**WHAT THE TASK ASKS**
Exactly the lines from the one containing "Thanks for viewing." through the end of the listing must make up the answer, with no pictures included.

**GIVEN ENTRIES**

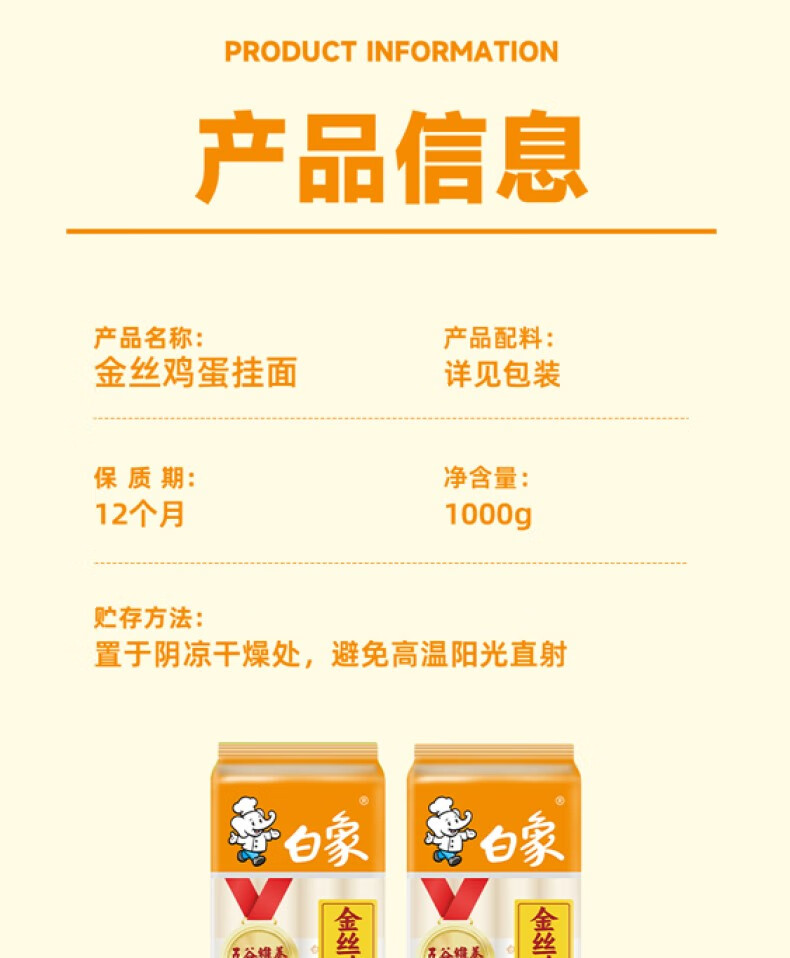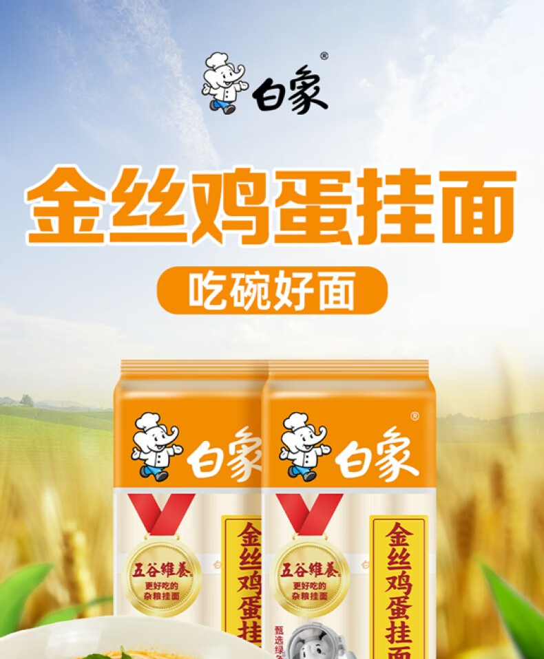 白象五谷维养金丝鸡蛋面 爽滑早晚餐面条非油炸速食挂面结束装1kg*3包
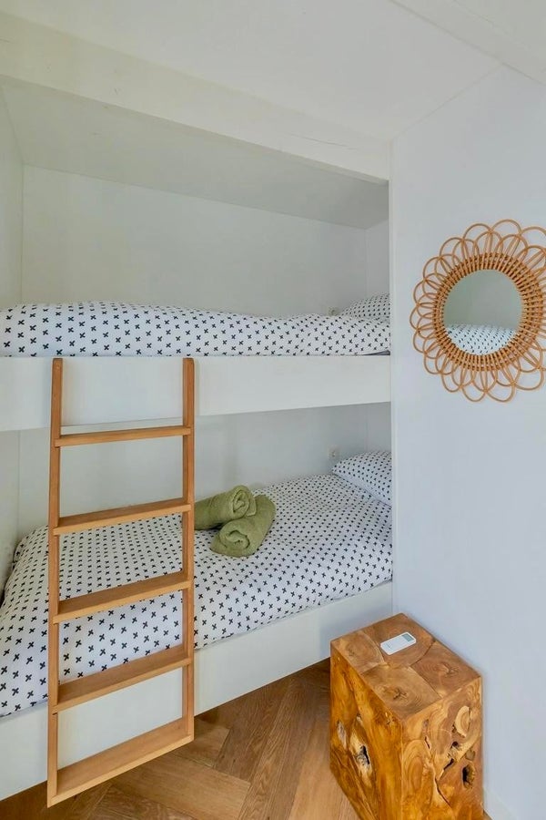 Vanuit de woonkamer/keuken heb je direct toegang tot het voorterras. * Deze specifieke water villa heeft een groot dakt terras. De woning heeft 3 slaapkamers (2 bedden van 1.80 x 2.00m en een stapelbed van 90 x 2.00 meter) en vaste kasten.
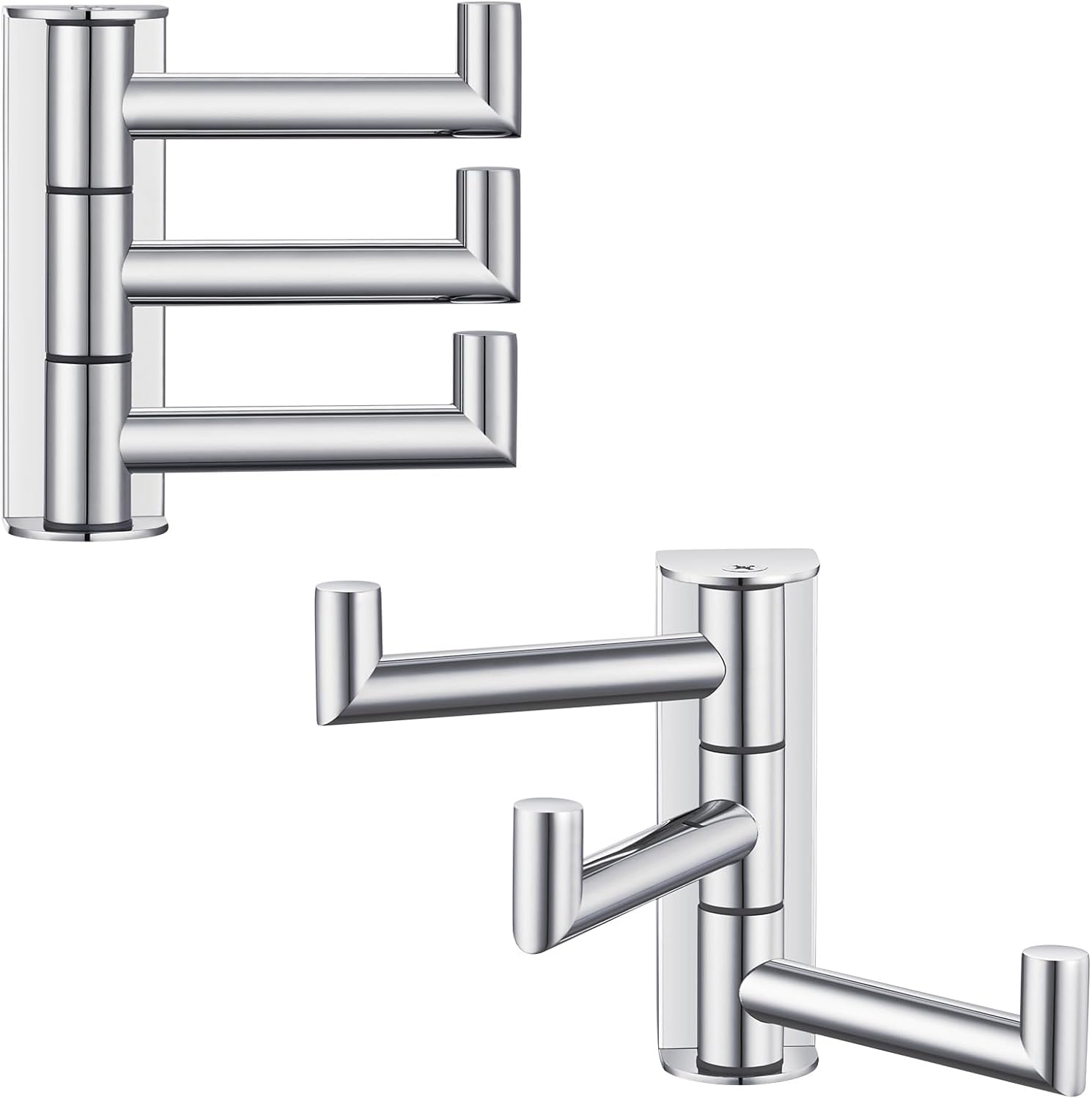 Suyar Swivel Towel Hook Polished Chrome, SUS 304 Stainless Steel Robe Holder for Bathroom with 3 Arms, 2 Pack
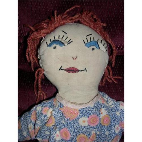 16" Cloth Stitched Doll. Doll is a Ragedy Ann type doll. She was homemade and has sparse yarn hair. She only wears a cotton dress. Please view pictures so you will see what you are buying. She is cotton stuffed. I'm guessing she is from the 1940's but am not sure. Doll comes from a smoke free environment. Buyer to pay 10.00 shipping, handling, and insurance. Thanks for viewing.
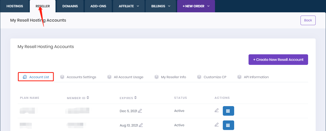 Login to your member account, click "RESELLER" from the top navigation, you can view your resell accounts from "Account list"

**SOLUTION TO THIS PROBLEM**
 16" Cloth Stitched Doll. Doll is a Ragedy Ann type doll. She was homemade and has sparse yarn hair. She only wears a cotton dress. Please view pictures so you will see what you are buying. She is cotton stuffed. I'm guessing she is from the 1940's but am not sure. Doll comes from a smoke free environment. Buyer to pay 10.00 shipping, handling, and insurance. Thanks for viewing.
 Login to your member account, click "RESELLER" from the top navigation, you can view your resell accounts from "Account list"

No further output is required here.